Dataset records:
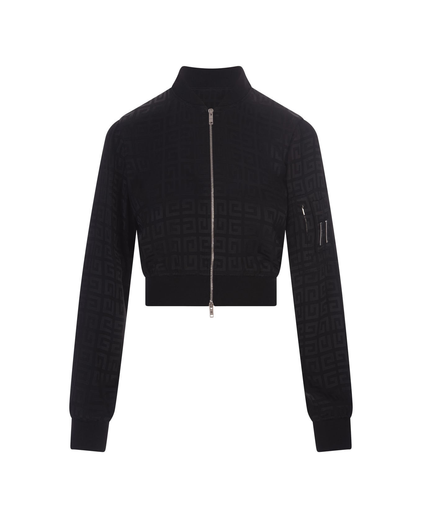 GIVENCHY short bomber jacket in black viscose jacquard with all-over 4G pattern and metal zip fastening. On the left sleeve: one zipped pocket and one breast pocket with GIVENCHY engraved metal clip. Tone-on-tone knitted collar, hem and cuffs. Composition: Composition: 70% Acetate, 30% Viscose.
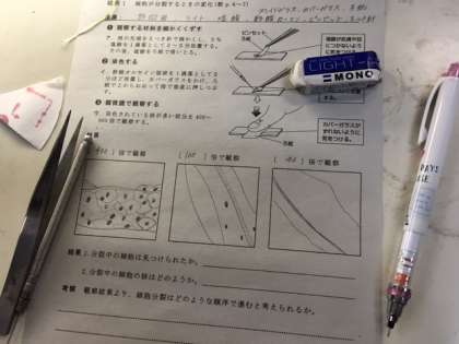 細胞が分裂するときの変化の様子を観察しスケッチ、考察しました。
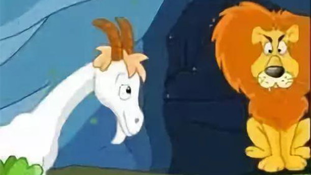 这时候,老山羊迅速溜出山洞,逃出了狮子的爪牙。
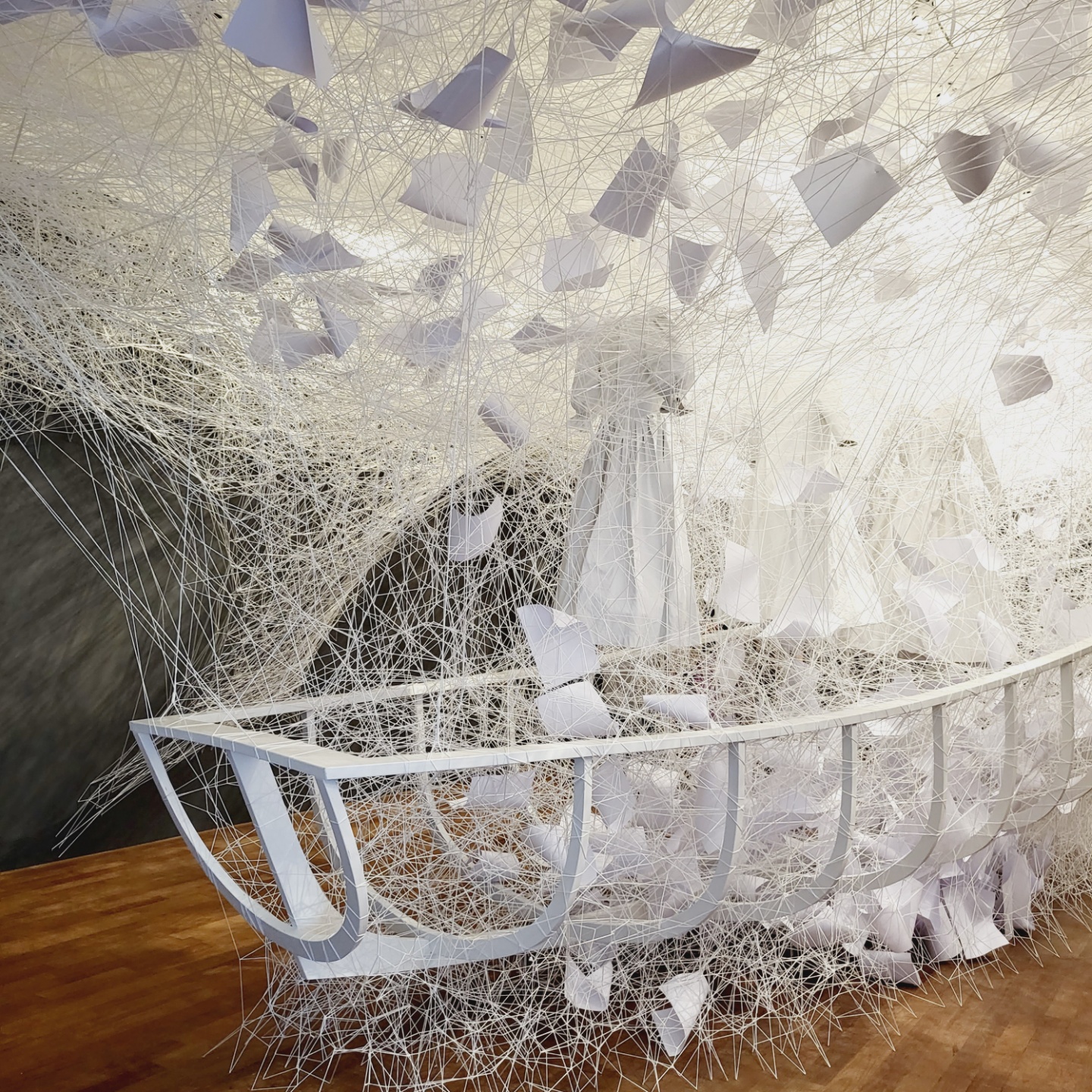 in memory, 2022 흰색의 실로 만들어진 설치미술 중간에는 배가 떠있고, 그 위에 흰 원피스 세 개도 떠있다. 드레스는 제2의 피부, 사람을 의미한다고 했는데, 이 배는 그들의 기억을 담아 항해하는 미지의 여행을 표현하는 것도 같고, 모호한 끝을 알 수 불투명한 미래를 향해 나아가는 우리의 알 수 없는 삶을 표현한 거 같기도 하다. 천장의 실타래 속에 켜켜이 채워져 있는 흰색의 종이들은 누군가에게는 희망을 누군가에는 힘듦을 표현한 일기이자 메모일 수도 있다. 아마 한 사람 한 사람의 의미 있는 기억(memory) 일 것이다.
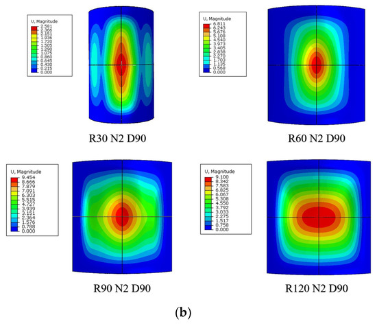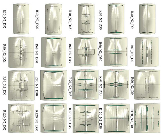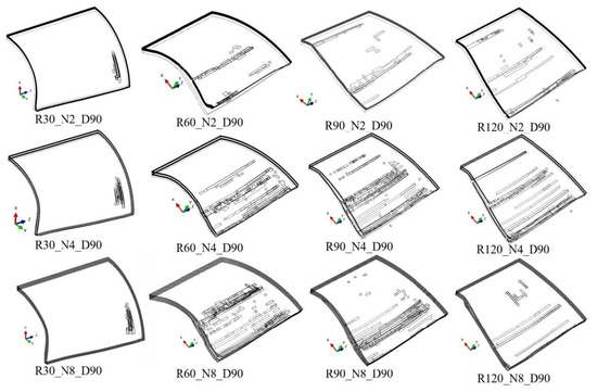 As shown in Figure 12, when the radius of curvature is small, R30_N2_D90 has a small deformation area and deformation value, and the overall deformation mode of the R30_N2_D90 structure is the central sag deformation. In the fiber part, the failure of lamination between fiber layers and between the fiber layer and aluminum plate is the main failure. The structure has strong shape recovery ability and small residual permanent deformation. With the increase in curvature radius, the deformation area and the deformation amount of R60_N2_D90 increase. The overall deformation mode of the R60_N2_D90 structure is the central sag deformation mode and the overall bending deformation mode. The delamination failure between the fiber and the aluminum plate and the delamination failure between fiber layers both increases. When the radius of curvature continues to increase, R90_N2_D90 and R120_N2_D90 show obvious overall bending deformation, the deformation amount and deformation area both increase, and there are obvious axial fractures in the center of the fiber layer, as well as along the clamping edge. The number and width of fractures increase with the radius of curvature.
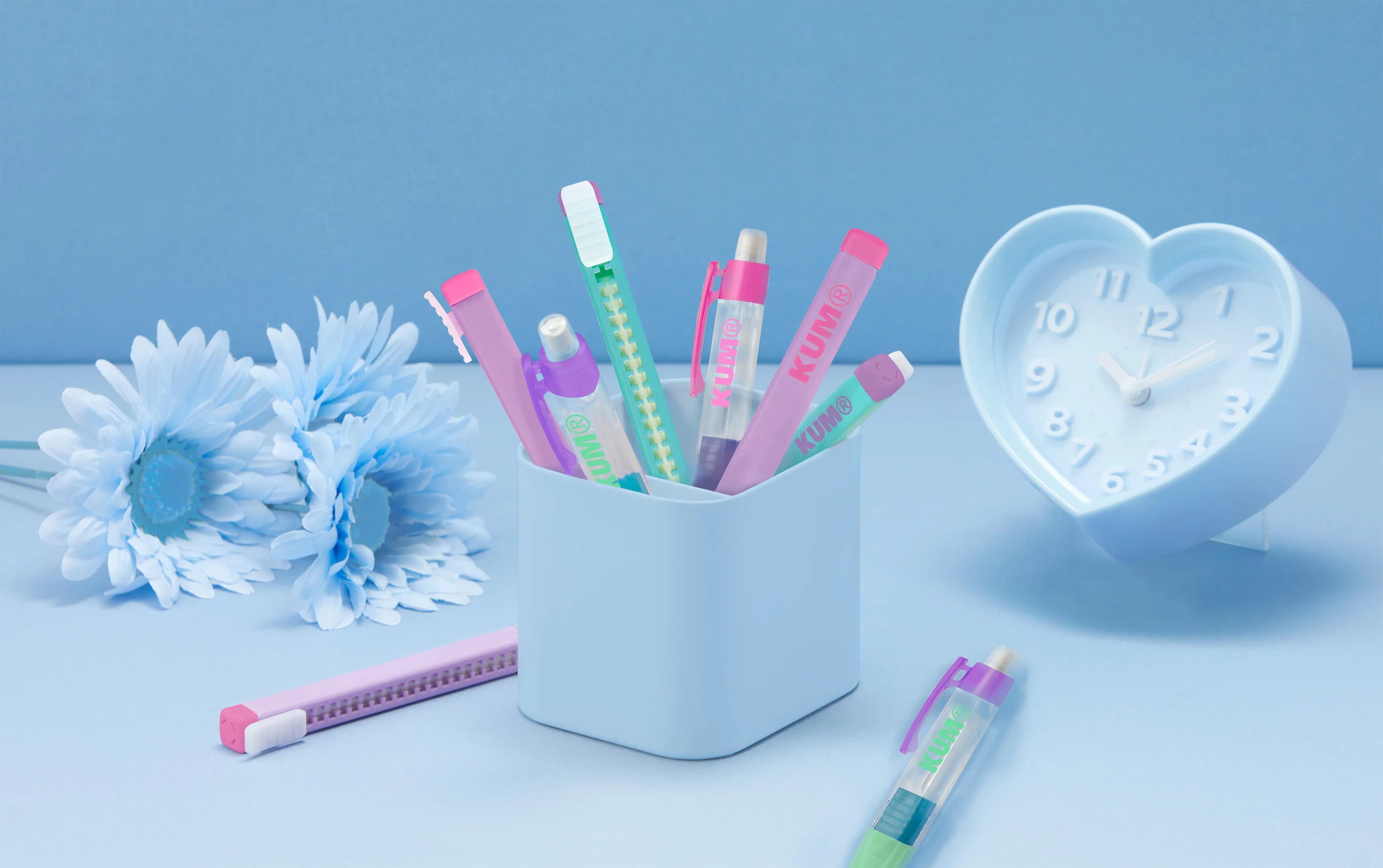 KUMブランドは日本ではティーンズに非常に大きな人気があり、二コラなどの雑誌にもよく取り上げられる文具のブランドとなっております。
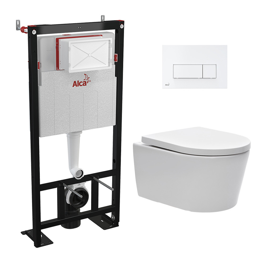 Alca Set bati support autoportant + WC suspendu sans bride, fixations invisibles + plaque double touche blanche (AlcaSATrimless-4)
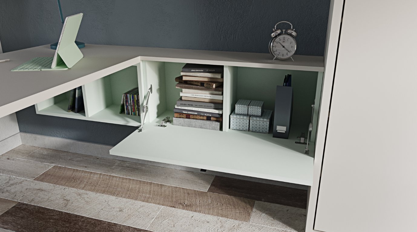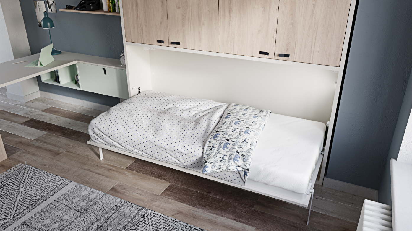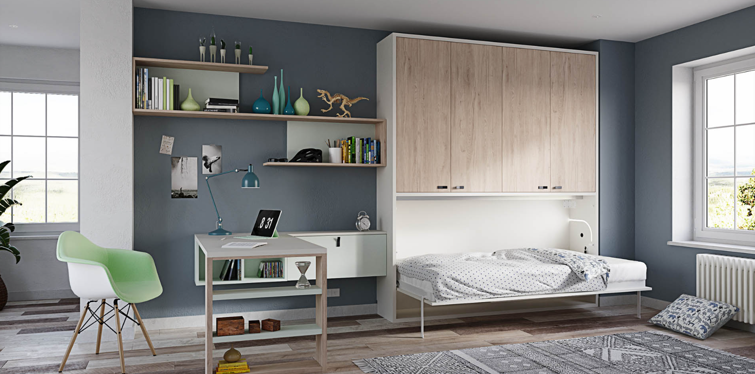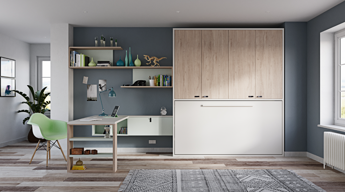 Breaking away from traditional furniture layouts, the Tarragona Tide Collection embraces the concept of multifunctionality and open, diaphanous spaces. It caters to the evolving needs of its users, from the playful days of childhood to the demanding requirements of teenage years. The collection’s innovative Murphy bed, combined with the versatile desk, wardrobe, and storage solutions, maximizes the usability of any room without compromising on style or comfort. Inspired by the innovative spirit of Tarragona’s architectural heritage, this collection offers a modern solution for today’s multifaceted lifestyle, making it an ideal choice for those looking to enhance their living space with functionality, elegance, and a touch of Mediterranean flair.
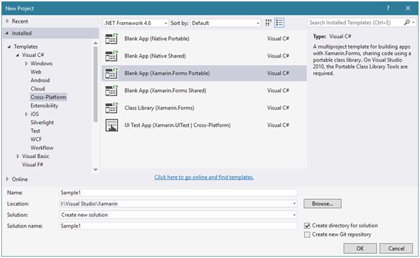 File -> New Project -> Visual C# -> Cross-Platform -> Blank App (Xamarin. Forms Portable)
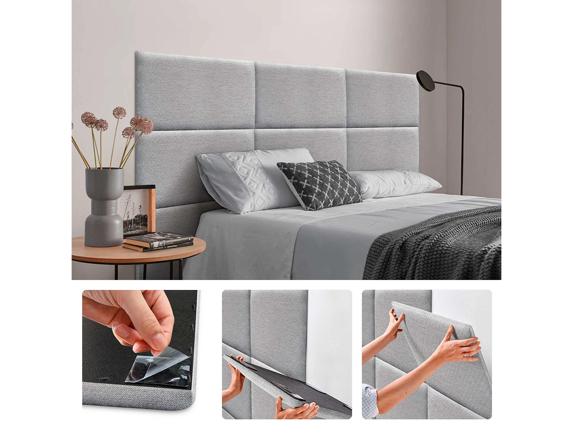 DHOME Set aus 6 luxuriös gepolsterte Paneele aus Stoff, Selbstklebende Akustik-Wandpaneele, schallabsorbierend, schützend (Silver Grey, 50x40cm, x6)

Action item » Output every entry above exactly, minus the pictures.

Output of the exercise »
 GIVENCHY short bomber jacket in black viscose jacquard with all-over 4G pattern and metal zip fastening. On the left sleeve: one zipped pocket and one breast pocket with GIVENCHY engraved metal clip. Tone-on-tone knitted collar, hem and cuffs. Composition: Composition: 70% Acetate, 30% Viscose.
 細胞が分裂するときの変化の様子を観察しスケッチ、考察しました。
 这时候,老山羊迅速溜出山洞,逃出了狮子的爪牙。
 in memory, 2022 흰색의 실로 만들어진 설치미술 중간에는 배가 떠있고, 그 위에 흰 원피스 세 개도 떠있다. 드레스는 제2의 피부, 사람을 의미한다고 했는데, 이 배는 그들의 기억을 담아 항해하는 미지의 여행을 표현하는 것도 같고, 모호한 끝을 알 수 불투명한 미래를 향해 나아가는 우리의 알 수 없는 삶을 표현한 거 같기도 하다. 천장의 실타래 속에 켜켜이 채워져 있는 흰색의 종이들은 누군가에게는 희망을 누군가에는 힘듦을 표현한 일기이자 메모일 수도 있다. 아마 한 사람 한 사람의 의미 있는 기억(memory) 일 것이다.
 As shown in Figure 12, when the radius of curvature is small, R30_N2_D90 has a small deformation area and deformation value, and the overall deformation mode of the R30_N2_D90 structure is the central sag deformation. In the fiber part, the failure of lamination between fiber layers and between the fiber layer and aluminum plate is the main failure. The structure has strong shape recovery ability and small residual permanent deformation. With the increase in curvature radius, the deformation area and the deformation amount of R60_N2_D90 increase. The overall deformation mode of the R60_N2_D90 structure is the central sag deformation mode and the overall bending deformation mode. The delamination failure between the fiber and the aluminum plate and the delamination failure between fiber layers both increases. When the radius of curvature continues to increase, R90_N2_D90 and R120_N2_D90 show obvious overall bending deformation, the deformation amount and deformation area both increase, and there are obvious axial fractures in the center of the fiber layer, as well as along the clamping edge. The number and width of fractures increase with the radius of curvature.
 KUMブランドは日本ではティーンズに非常に大きな人気があり、二コラなどの雑誌にもよく取り上げられる文具のブランドとなっております。
 Alca Set bati support autoportant + WC suspendu sans bride, fixations invisibles + plaque double touche blanche (AlcaSATrimless-4)
 Breaking away from traditional furniture layouts, the Tarragona Tide Collection embraces the concept of multifunctionality and open, diaphanous spaces. It caters to the evolving needs of its users, from the playful days of childhood to the demanding requirements of teenage years. The collection’s innovative Murphy bed, combined with the versatile desk, wardrobe, and storage solutions, maximizes the usability of any room without compromising on style or comfort. Inspired by the innovative spirit of Tarragona’s architectural heritage, this collection offers a modern solution for today’s multifaceted lifestyle, making it an ideal choice for those looking to enhance their living space with functionality, elegance, and a touch of Mediterranean flair.
 File -> New Project -> Visual C# -> Cross-Platform -> Blank App (Xamarin. Forms Portable)
 DHOME Set aus 6 luxuriös gepolsterte Paneele aus Stoff, Selbstklebende Akustik-Wandpaneele, schallabsorbierend, schützend (Silver Grey, 50x40cm, x6)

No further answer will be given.